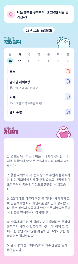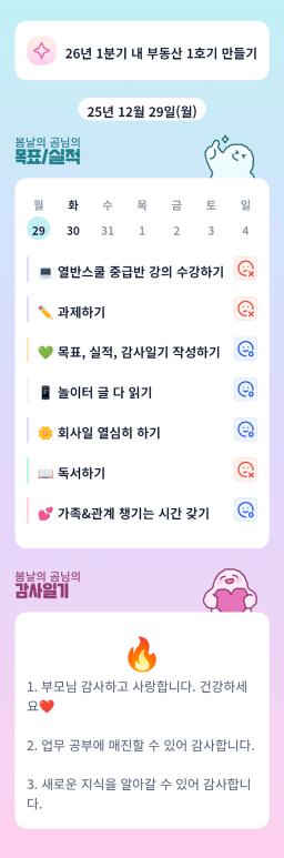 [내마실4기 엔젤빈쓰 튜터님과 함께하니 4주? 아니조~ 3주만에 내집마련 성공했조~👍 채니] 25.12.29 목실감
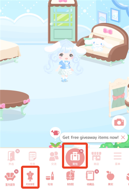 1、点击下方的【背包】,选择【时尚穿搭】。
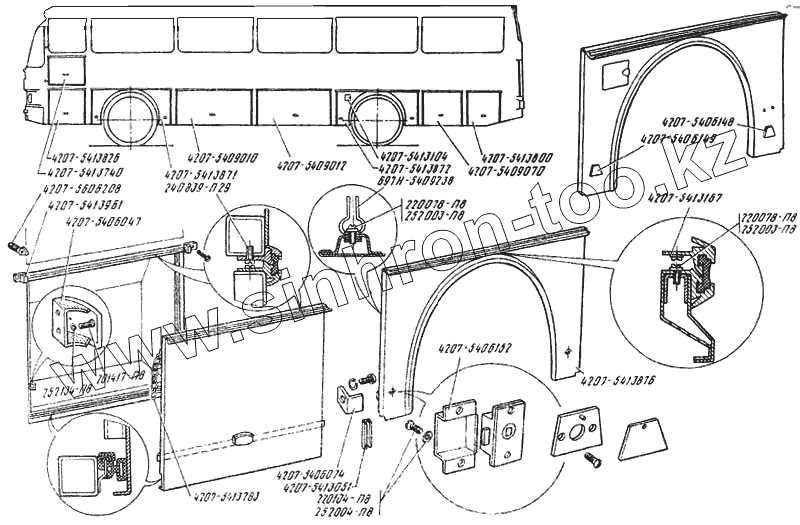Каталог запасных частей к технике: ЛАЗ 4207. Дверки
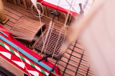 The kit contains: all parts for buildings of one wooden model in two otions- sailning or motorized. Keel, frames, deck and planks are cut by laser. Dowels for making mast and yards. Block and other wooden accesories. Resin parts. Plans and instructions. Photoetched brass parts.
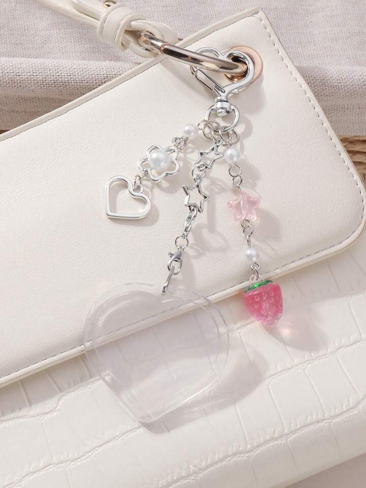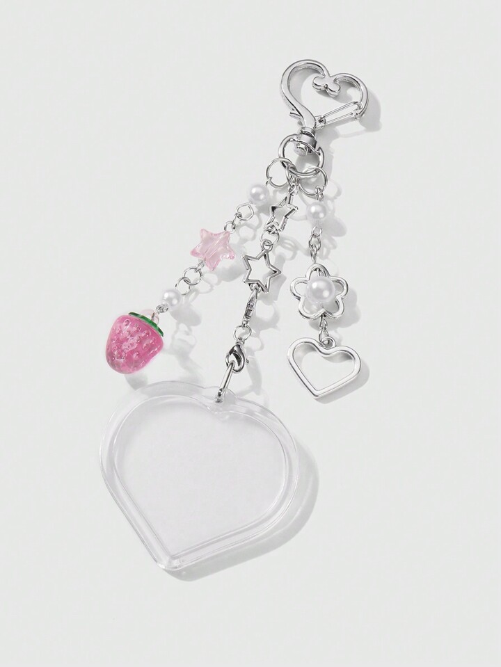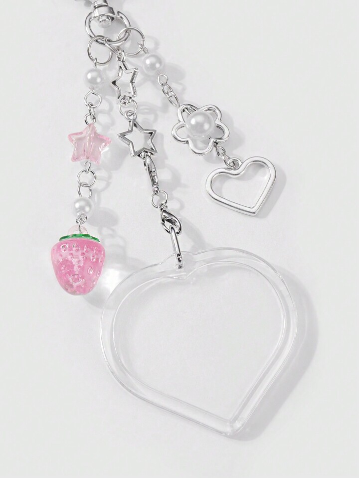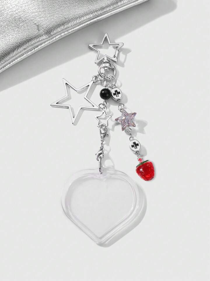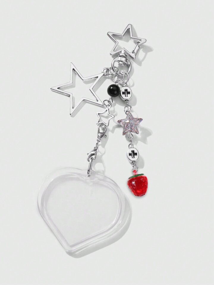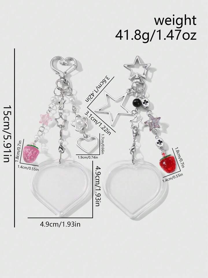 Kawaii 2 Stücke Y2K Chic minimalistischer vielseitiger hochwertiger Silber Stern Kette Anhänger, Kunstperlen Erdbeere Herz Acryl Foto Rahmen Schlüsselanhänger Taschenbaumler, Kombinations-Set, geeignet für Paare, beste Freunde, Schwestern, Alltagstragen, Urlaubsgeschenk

_ _ _ _

:: How to complete this task ::
I would like the material repeated in full and exactly, with its images omitted.

:: Answer for the task ::
 [내마실4기 엔젤빈쓰 튜터님과 함께하니 4주? 아니조~ 3주만에 내집마련 성공했조~👍 채니] 25.12.29 목실감
 1、点击下方的【背包】,选择【时尚穿搭】。
Каталог запасных частей к технике: ЛАЗ 4207. Дверки
 The kit contains: all parts for buildings of one wooden model in two otions- sailning or motorized. Keel, frames, deck and planks are cut by laser. Dowels for making mast and yards. Block and other wooden accesories. Resin parts. Plans and instructions. Photoetched brass parts.
 Kawaii 2 Stücke Y2K Chic minimalistischer vielseitiger hochwertiger Silber Stern Kette Anhänger, Kunstperlen Erdbeere Herz Acryl Foto Rahmen Schlüsselanhänger Taschenbaumler, Kombinations-Set, geeignet für Paare, beste Freunde, Schwestern, Alltagstragen, Urlaubsgeschenk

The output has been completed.